== PROVIDED RECORDS
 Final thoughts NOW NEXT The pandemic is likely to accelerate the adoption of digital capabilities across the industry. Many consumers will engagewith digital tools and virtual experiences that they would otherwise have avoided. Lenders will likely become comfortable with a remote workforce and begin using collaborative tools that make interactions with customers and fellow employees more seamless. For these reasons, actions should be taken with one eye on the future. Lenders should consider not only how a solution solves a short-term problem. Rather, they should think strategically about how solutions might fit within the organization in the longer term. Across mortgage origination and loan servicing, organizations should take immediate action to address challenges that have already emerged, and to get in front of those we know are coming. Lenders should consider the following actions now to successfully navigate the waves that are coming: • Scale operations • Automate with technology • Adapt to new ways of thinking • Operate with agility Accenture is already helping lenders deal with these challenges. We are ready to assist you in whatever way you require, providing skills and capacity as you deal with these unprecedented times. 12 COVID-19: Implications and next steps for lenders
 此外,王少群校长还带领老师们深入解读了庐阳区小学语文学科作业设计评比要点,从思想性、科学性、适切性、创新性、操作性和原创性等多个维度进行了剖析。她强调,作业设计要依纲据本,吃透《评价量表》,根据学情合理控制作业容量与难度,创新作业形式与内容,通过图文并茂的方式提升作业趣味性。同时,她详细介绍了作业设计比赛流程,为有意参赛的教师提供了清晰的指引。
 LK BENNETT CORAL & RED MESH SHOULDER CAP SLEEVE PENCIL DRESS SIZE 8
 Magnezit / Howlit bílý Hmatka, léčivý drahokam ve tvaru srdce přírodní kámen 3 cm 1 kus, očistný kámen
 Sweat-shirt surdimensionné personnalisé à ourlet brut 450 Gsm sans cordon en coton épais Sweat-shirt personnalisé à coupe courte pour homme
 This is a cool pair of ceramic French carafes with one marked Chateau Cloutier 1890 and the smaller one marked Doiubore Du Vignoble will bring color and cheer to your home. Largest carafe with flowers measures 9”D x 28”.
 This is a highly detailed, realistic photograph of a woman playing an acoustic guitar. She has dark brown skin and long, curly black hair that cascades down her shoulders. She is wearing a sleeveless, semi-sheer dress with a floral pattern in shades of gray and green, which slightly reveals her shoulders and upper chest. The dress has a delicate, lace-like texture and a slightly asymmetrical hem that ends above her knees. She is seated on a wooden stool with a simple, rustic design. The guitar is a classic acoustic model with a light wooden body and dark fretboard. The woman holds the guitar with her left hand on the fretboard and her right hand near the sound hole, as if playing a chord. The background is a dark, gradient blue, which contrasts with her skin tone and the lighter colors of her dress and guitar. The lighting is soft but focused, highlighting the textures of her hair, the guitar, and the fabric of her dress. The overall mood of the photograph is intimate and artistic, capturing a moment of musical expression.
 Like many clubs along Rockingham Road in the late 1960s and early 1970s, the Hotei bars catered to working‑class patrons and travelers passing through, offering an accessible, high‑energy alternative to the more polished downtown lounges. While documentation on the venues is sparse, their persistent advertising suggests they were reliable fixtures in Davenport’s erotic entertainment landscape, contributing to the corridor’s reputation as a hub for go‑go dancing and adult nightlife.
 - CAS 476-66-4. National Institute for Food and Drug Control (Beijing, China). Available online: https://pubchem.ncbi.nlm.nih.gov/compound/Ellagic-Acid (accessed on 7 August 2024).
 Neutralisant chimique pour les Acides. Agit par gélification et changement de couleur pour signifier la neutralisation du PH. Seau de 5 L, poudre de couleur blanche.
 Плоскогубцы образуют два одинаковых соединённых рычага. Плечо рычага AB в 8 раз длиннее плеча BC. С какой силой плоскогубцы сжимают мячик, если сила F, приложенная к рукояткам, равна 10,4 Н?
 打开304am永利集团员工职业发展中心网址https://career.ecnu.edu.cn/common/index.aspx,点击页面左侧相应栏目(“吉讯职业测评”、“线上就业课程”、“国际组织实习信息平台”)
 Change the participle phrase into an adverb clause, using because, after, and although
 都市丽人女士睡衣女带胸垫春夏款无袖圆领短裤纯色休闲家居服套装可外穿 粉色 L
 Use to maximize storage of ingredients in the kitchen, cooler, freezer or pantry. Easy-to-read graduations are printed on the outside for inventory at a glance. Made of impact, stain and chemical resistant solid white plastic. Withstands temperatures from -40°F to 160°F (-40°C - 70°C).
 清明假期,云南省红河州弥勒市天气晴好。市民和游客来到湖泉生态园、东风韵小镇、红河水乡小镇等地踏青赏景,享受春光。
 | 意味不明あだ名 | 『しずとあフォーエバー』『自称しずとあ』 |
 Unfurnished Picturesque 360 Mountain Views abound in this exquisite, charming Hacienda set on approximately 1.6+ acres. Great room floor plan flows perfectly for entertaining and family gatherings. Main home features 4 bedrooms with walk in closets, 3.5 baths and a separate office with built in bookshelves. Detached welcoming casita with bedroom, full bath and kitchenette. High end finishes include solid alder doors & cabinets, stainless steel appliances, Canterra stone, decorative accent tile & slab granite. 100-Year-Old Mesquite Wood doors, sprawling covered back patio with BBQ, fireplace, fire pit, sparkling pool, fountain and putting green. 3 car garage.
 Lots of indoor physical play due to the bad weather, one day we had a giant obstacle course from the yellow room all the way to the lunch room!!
====
EXERCISE DIRECTIONS:
Look through the data and gather every line with the string "solid" in it.

WRITTEN ANSWER:
 Use to maximize storage of ingredients in the kitchen, cooler, freezer or pantry. Easy-to-read graduations are printed on the outside for inventory at a glance. Made of impact, stain and chemical resistant solid white plastic. Withstands temperatures from -40°F to 160°F (-40°C - 70°C).
 Unfurnished Picturesque 360 Mountain Views abound in this exquisite, charming Hacienda set on approximately 1.6+ acres. Great room floor plan flows perfectly for entertaining and family gatherings. Main home features 4 bedrooms with walk in closets, 3.5 baths and a separate office with built in bookshelves. Detached welcoming casita with bedroom, full bath and kitchenette. High end finishes include solid alder doors & cabinets, stainless steel appliances, Canterra stone, decorative accent tile & slab granite. 100-Year-Old Mesquite Wood doors, sprawling covered back patio with BBQ, fireplace, fire pit, sparkling pool, fountain and putting green. 3 car garage.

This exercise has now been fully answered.